Once you run out of registers, you have to spill the remaining arguments to the stack. However, the stack is simply a register pointing to some base address from which all other values are accessed by an offset from that base. But so is the closure record! If you lay out your closure record in memory so it has the same layout as the stack frame would, then you can just treat it like a small stack. This can save many memory access operations moving data between closures and registers.

Suppose our register spill threshold is 2 registers (reg0 and reg1), with a third register left for the remaining arguments (reg2), and consider the following C-style function:

int foo(int x, void *y, int z);

Here we have three arguments, one of which will need to be spilled to the stack since we can only allocate two when calling foo.
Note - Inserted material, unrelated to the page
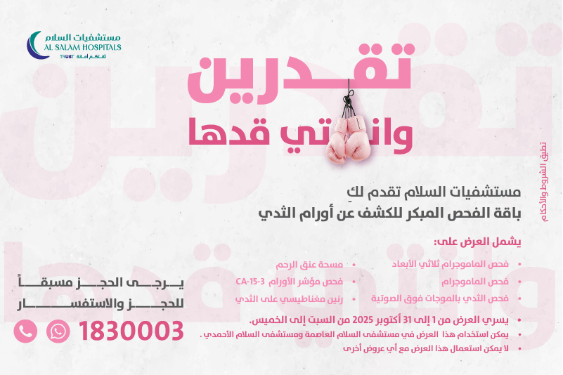 واعترافاً منا بأهمية التوعية، نقدم لكم خلال شهر أكتوبر باقة خاصة من الخدمات والفحوصات المبكرة للكشف عن سرطان الثدي، وذلك في إطار التزامنا بالصحة والوقاية ودعم التعافي المبكر.

Arguments z and y will go in registers, while argument x will go on the stack. However, the compilation of foo will require a certain layout in memory for optimal efficiency as well (assuming 32-bit pointers):

foo_papp2:
  loadi reg0, reg2 // reg0 = *reg2
  sub1 reg2, 4     // reg2 += sizeof(int)
foo_papp1:
  loadi reg1, reg2 // reg1 = *reg2
  sub1 reg2, 4     // reg2 += sizeof(void*)
foo:
  ...              // foo: reg0=arg2, reg1=arg1, reg2=&struct{arg0}

Hopefully the pseudo-assembly is clear. Function foo gets "prologues", one per argument which is used for partial applications. Each prologue loads an argument from the "stack"/closure record into the registers and decrements the pointer so it points to the next argument. By the time all the registers are used up, you should have exactly the "stack frame" that you need left, and the registers-passed arguments are all in their proper place.

For instance, when you partially apply foo to 1 argument, the function pointer value of the closure record is actually pointing to foo_papp1, and when you partially apply with two arguments, it's pointing to foo_papp2. This pattern is the same for any number of arguments, and the code will all have the same size for each argument, which we will need later when building partially applied closures.

Now consider the following curried applications of foo:

int(void*,int) foo_1 = foo(0);
int(int) foo_2 = foo(0, somePointer);

Hopefully the pseudo C-style closure syntax is clear, ie. int(char) is a closure taking a char and returning an int. The above are two different partial applications, foo_1 which applies only the first argument, and foo_2 which partially applies the first and second arguments. These are what the closures will look like in memory:

foo_1 →

function = &foo_papp1

arity = 2

applied = 1

x = 0

foo_2 →

function = &foo_papp2

arity = 1

applied = 2

y = somePointer

x = 0

Now when you try to apply values foo_1 and foo_2 to the remaining arguments, this actually performs a dynamic check to see how many arguments are required. For instance, fully applying a closure with the signature int(int, int) elaborates to the following pseudo-code:

obj_t returnValue;
RETRY:
switch (closure→arity) {
case 0:
  closure = closure→function();
  goto RETRY;
case 2:
  returnValue = closure→function(arg0, arg1);
  // reg0=arg1, reg1=arg0, reg2=&closure->arity + 1
  break;
case 1:
  closure = closure→function(arg0);
  returnValue = closure→function(arg1);
  break;
}

You have to dynamically check if you're applying all remaining arguments. I handle the case of arity=0 to show that intermediate closures do exist, but you don't typically need that specific case.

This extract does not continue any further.